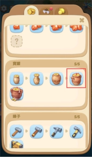 当宝罐达到四级后就有概率从宝罐中产出宝石
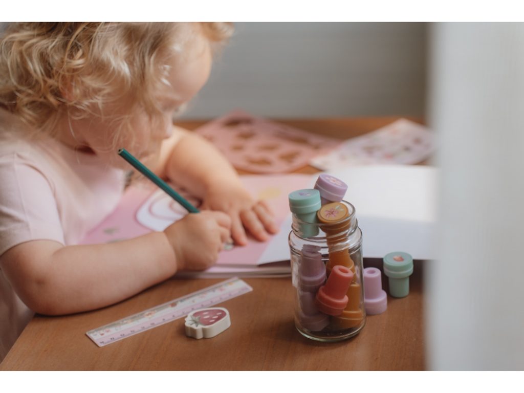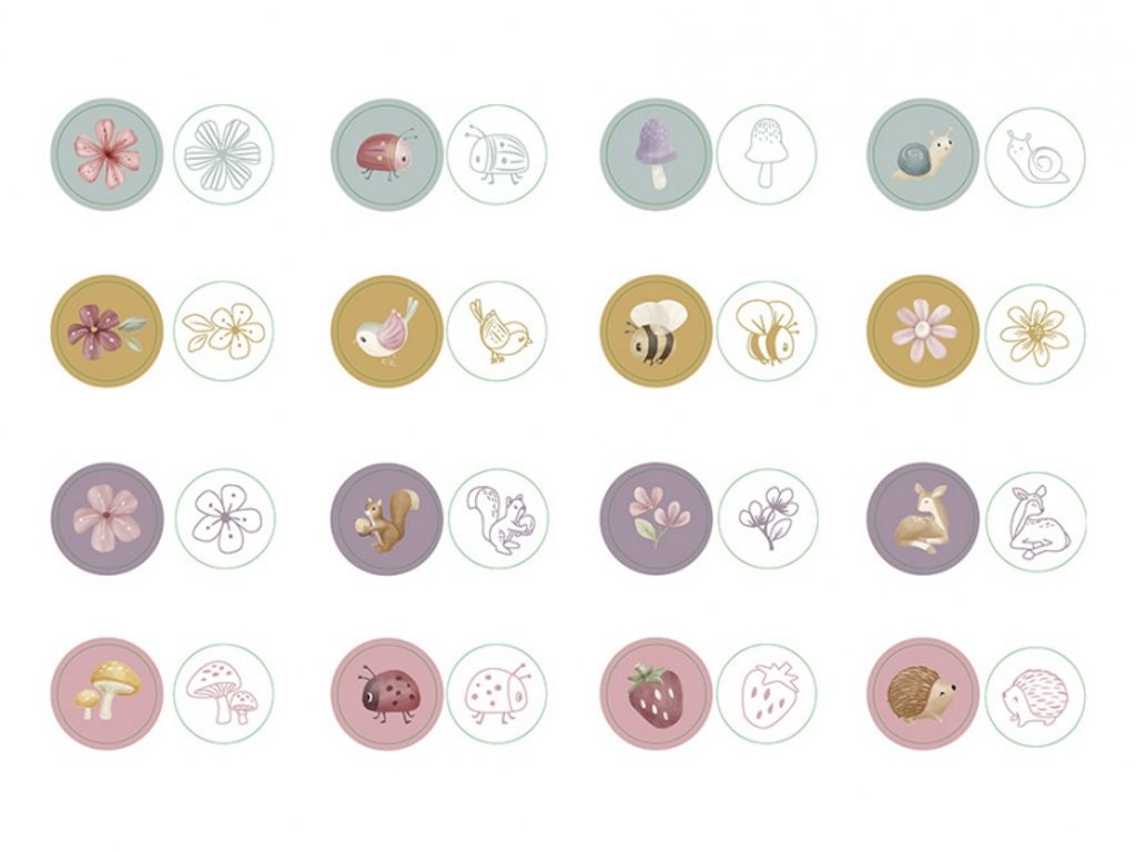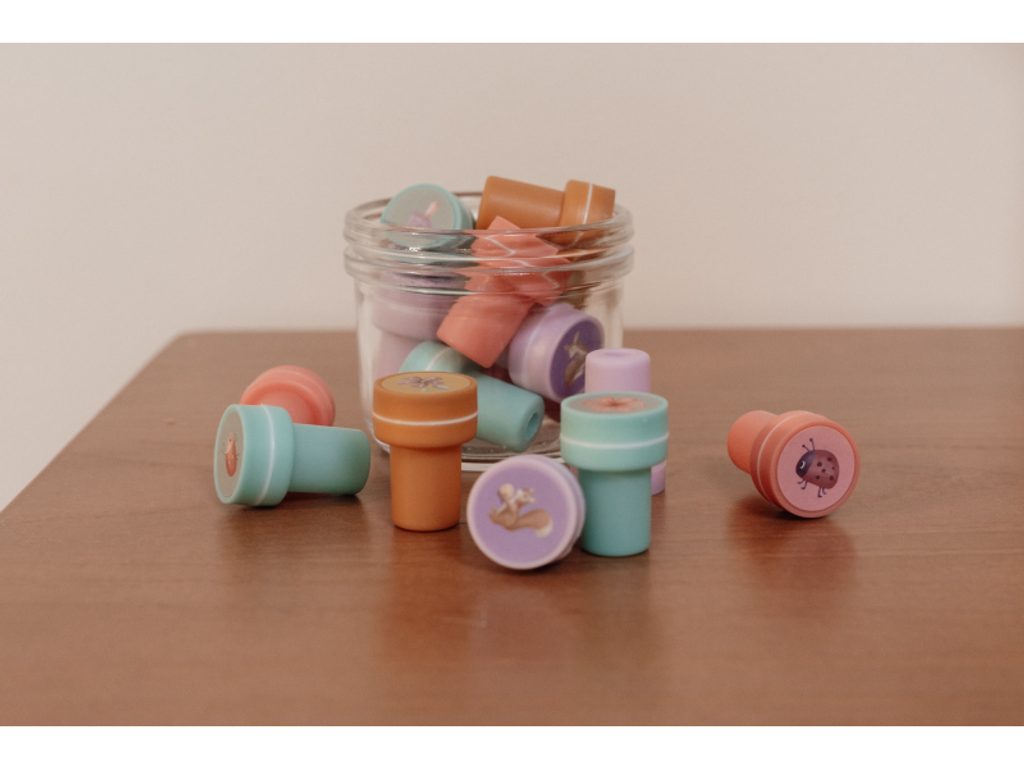 Sada samobarvicích razítek s roztomilými motivy ze života na zahradě včetně srnky, berušky, veverky apod. Razítka jsou samobarvicí, takže jsou ihned připravená k použití! Razítka představují snadný a zábavný způsob, jak stimulovat dětskou kreativitu a zároveň rozvíjet jejich jemné motorické dovednosti. Razítka jsou součástí designové kolekce hraček a doplňků Little Dutch fairy Garden inspirované životem na zahradě. Sada obsahuje 16 razítek. Rozměry balení: 15,5 x 13 x 3,8 cm Vhodné pro děti od 3 let.
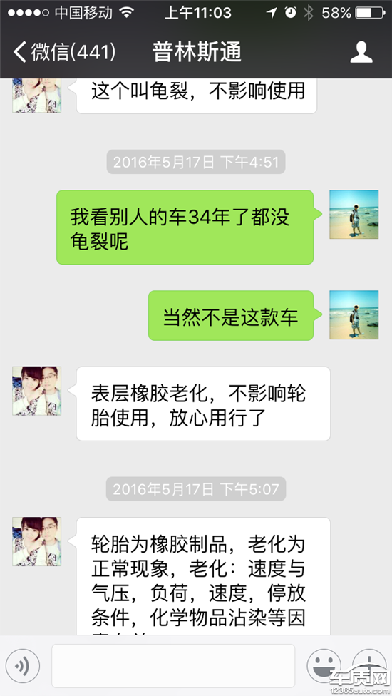 大概2015年9月发现该问题,但是当时没太在意,后来似乎又严重了,过完年给普林斯通投诉过,4S店登记了也没下文,处理结果就如上图轮胎售后说是正常的!正常个毛啊!轮胎的质量是保3年吧,才一年就老化了?这可是关系到生命安全啊,忍无可忍才投诉的,希望得到解决。
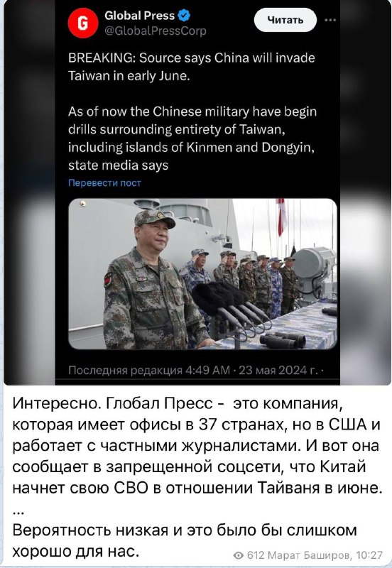 Партия сторонников войны с Тайванем в России намного больше, чем в самом Китае 😁
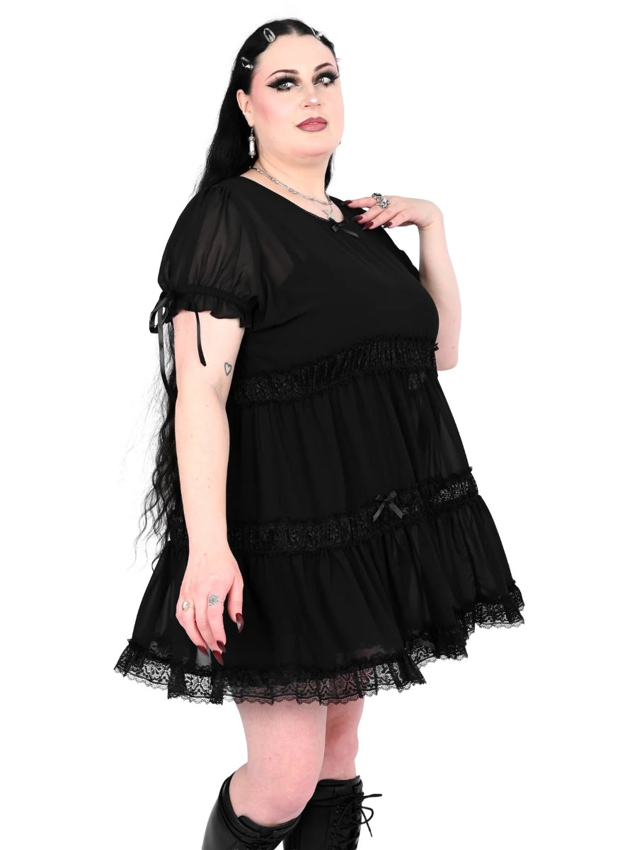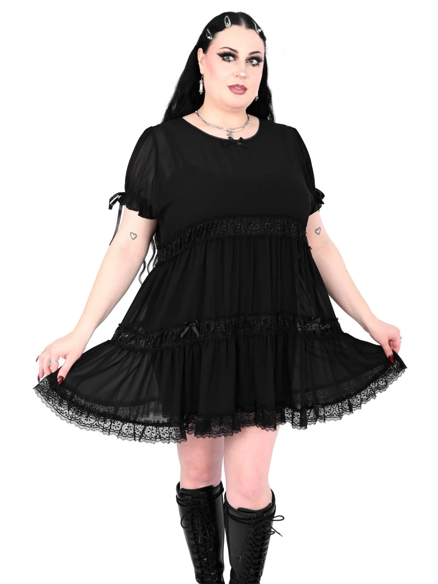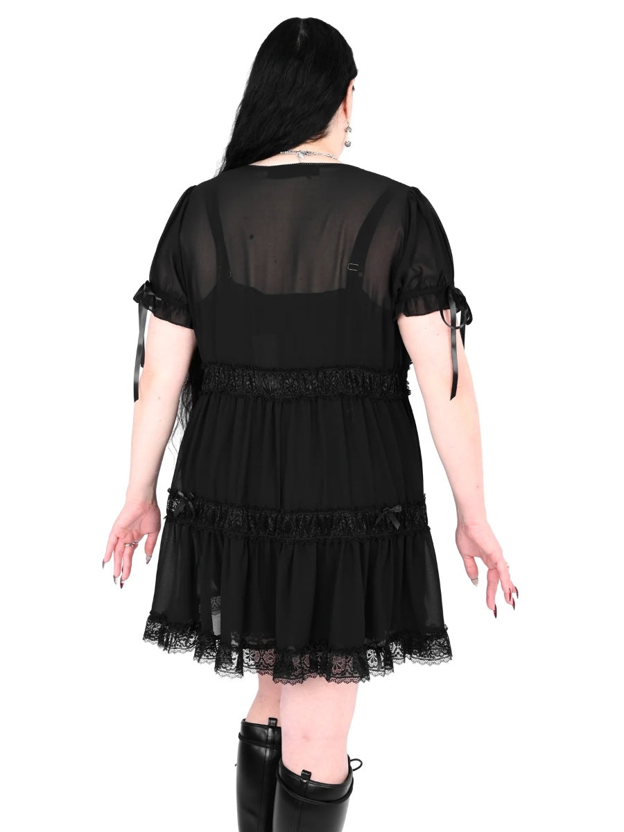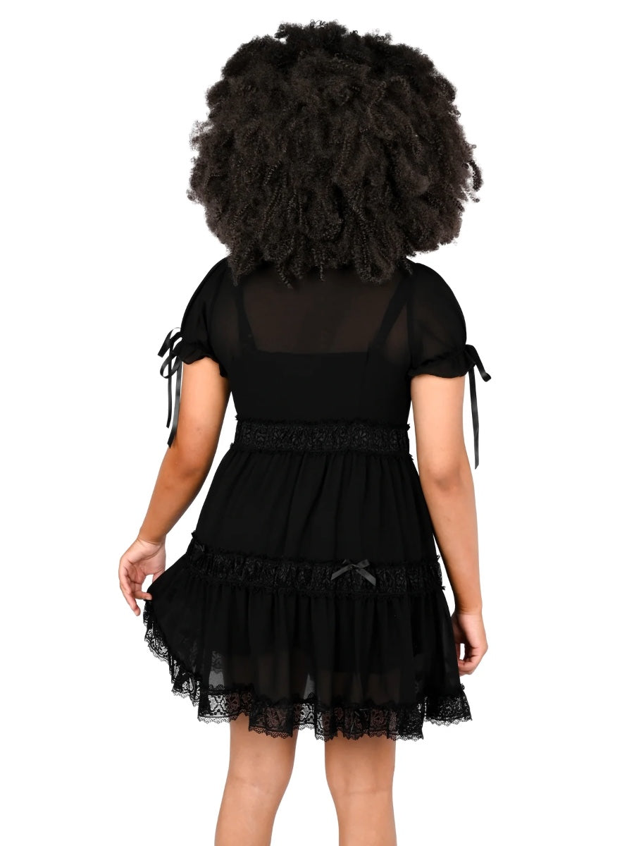 This dress is fully sheer! Style it over bloomers and a bralette, a bodysuit, nothing at all etc. We don't make the rules.
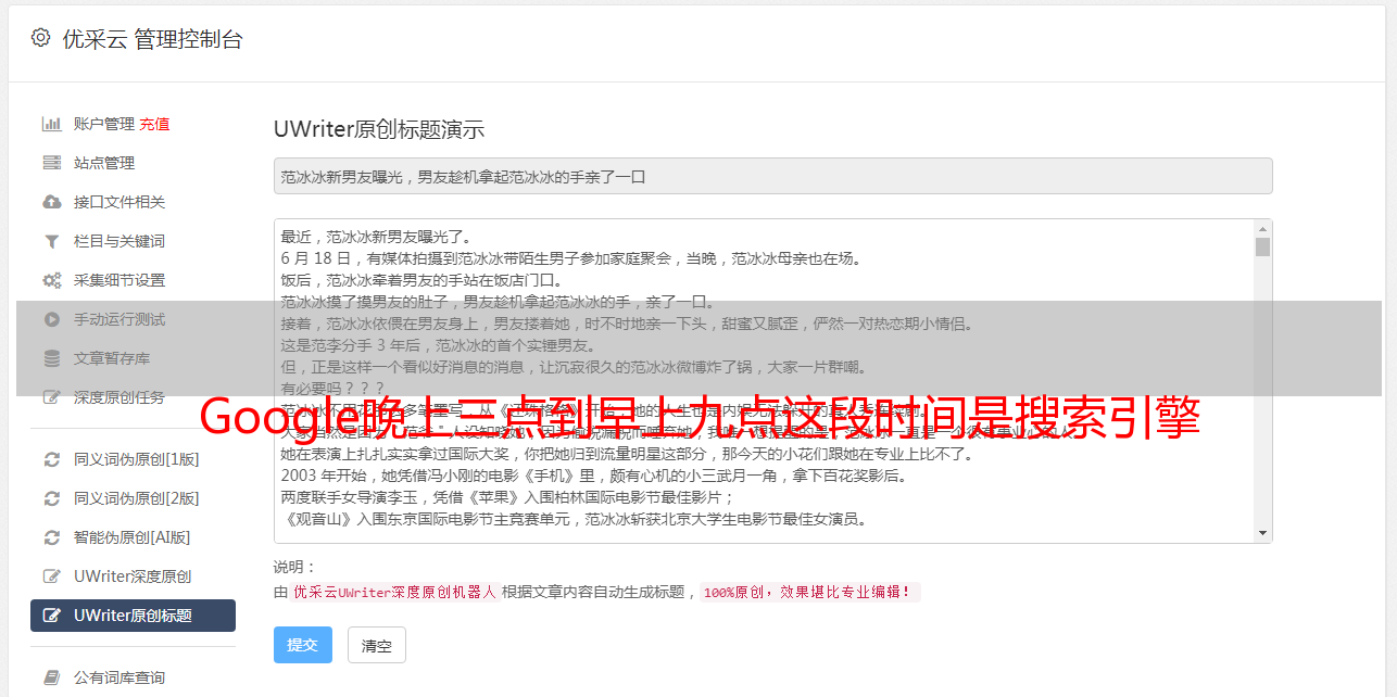 关于网站内容更新NO1文章发布频率的8条提示。如果网站以前平均每天发表一篇文章文章如果要增加网站发表的数量,也应该逐渐增加发表的数量,而不是在短时间内从一篇文章文章跳转到数百篇文章所以搜索引擎会认为网站不正常认为网站在采集会看网站短时间内网站排名快照更新网站收录 会受到影响。 NO2 每个页面的标题和描述必须不同。 网站很多,为了增加网站页面的数量,对网站文章做分页处理是很好的但是在处理文章的时候一定要注意每个页面的文章 对应一个页面。这些页面的标题不能相同。搜索引擎不喜欢重复的标题。如果整个网站重复的标题太多,不给网站反而给网站带来好处。 NO3 内容发布技巧也要考虑时间问题。谷歌下午3点到早上9点之间是搜索引擎蜘蛛爬取网站内容最频繁的时间百度爬取更频繁,尤其是它最喜欢的网站,每天爬取速度都非常快如果网站能怎么办每天可以发很多文章文章search engine收录什么篇文章 那么网站的情况应该是相当不错的,所以你发文章的时候应该等搜索引擎更新了再发经常或在更新时间前发布,让当天发布的内容让搜索引擎尽快走收录NO4字数更多文章
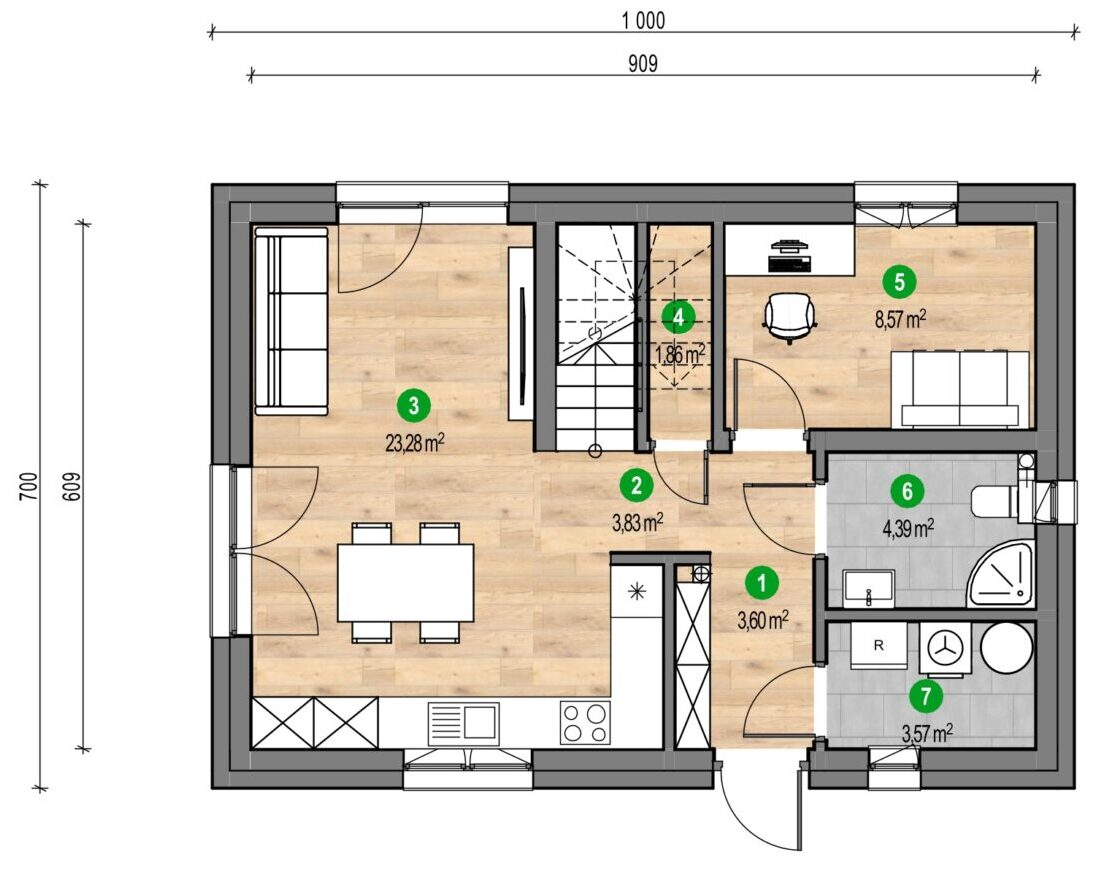 Na prízemí sa nachádza priestranná obývacia izba prepojená s jedálňou a otvorenou kuchyňou – priestor, ktorý podporuje spoločné trávenie času a prirodzenú integráciu celej rodiny. Z obývačky vedie pohodlný výstup na terasu, ktorá je ideálnym miestom na letné posedenia či rodinné oslavy.
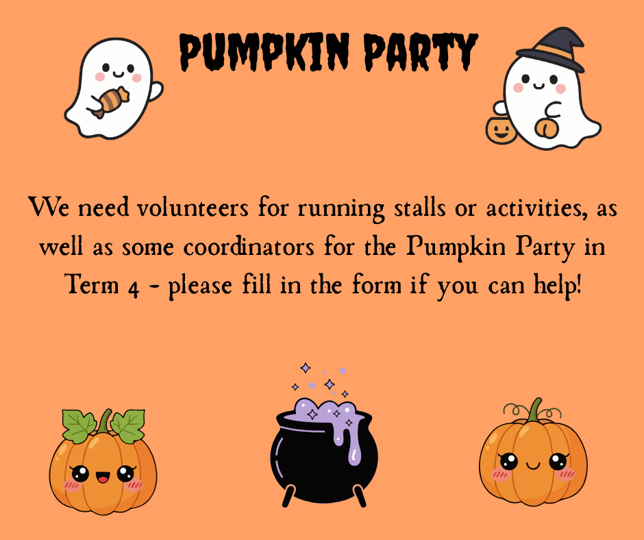 Pumpkin Party – if you are able to help with the planned October/Halloween event please fill in this form: https://forms.gle/Bkn873rUKTubkJPM6
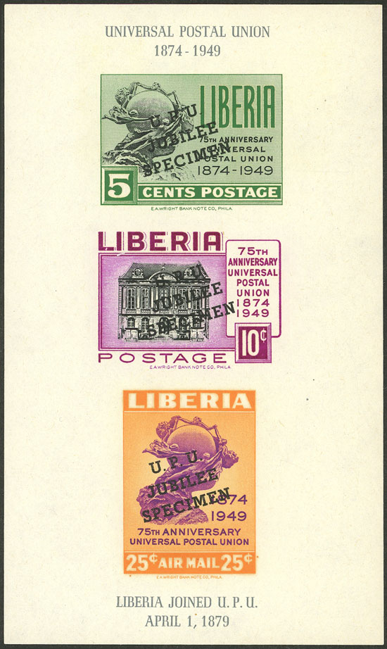 Sc.C67a, 1950 UPU 75 years, souvenir sheets with 3 values overprinted "U.P.U. - JUBILEE - SPECIMEN", MNH, excellent quality! (Image)

● PROMPT
Please output, exactly and with no pictures, only the lines from the one containing "大概2015年9月发现该问题" through the final line of the records above.

● WRITTEN ANSWER
 大概2015年9月发现该问题,但是当时没太在意,后来似乎又严重了,过完年给普林斯通投诉过,4S店登记了也没下文,处理结果就如上图轮胎售后说是正常的!正常个毛啊!轮胎的质量是保3年吧,才一年就老化了?这可是关系到生命安全啊,忍无可忍才投诉的,希望得到解决。
 Партия сторонников войны с Тайванем в России намного больше, чем в самом Китае 😁
 This dress is fully sheer! Style it over bloomers and a bralette, a bodysuit, nothing at all etc. We don't make the rules.
 关于网站内容更新NO1文章发布频率的8条提示。如果网站以前平均每天发表一篇文章文章如果要增加网站发表的数量,也应该逐渐增加发表的数量,而不是在短时间内从一篇文章文章跳转到数百篇文章所以搜索引擎会认为网站不正常认为网站在采集会看网站短时间内网站排名快照更新网站收录 会受到影响。 NO2 每个页面的标题和描述必须不同。 网站很多,为了增加网站页面的数量,对网站文章做分页处理是很好的但是在处理文章的时候一定要注意每个页面的文章 对应一个页面。这些页面的标题不能相同。搜索引擎不喜欢重复的标题。如果整个网站重复的标题太多,不给网站反而给网站带来好处。 NO3 内容发布技巧也要考虑时间问题。谷歌下午3点到早上9点之间是搜索引擎蜘蛛爬取网站内容最频繁的时间百度爬取更频繁,尤其是它最喜欢的网站,每天爬取速度都非常快如果网站能怎么办每天可以发很多文章文章search engine收录什么篇文章 那么网站的情况应该是相当不错的,所以你发文章的时候应该等搜索引擎更新了再发经常或在更新时间前发布,让当天发布的内容让搜索引擎尽快走收录NO4字数更多文章
 Na prízemí sa nachádza priestranná obývacia izba prepojená s jedálňou a otvorenou kuchyňou – priestor, ktorý podporuje spoločné trávenie času a prirodzenú integráciu celej rodiny. Z obývačky vedie pohodlný výstup na terasu, ktorá je ideálnym miestom na letné posedenia či rodinné oslavy.
 Pumpkin Party – if you are able to help with the planned October/Halloween event please fill in this form: https://forms.gle/Bkn873rUKTubkJPM6
 Sc.C67a, 1950 UPU 75 years, souvenir sheets with 3 values overprinted "U.P.U. - JUBILEE - SPECIMEN", MNH, excellent quality! (Image)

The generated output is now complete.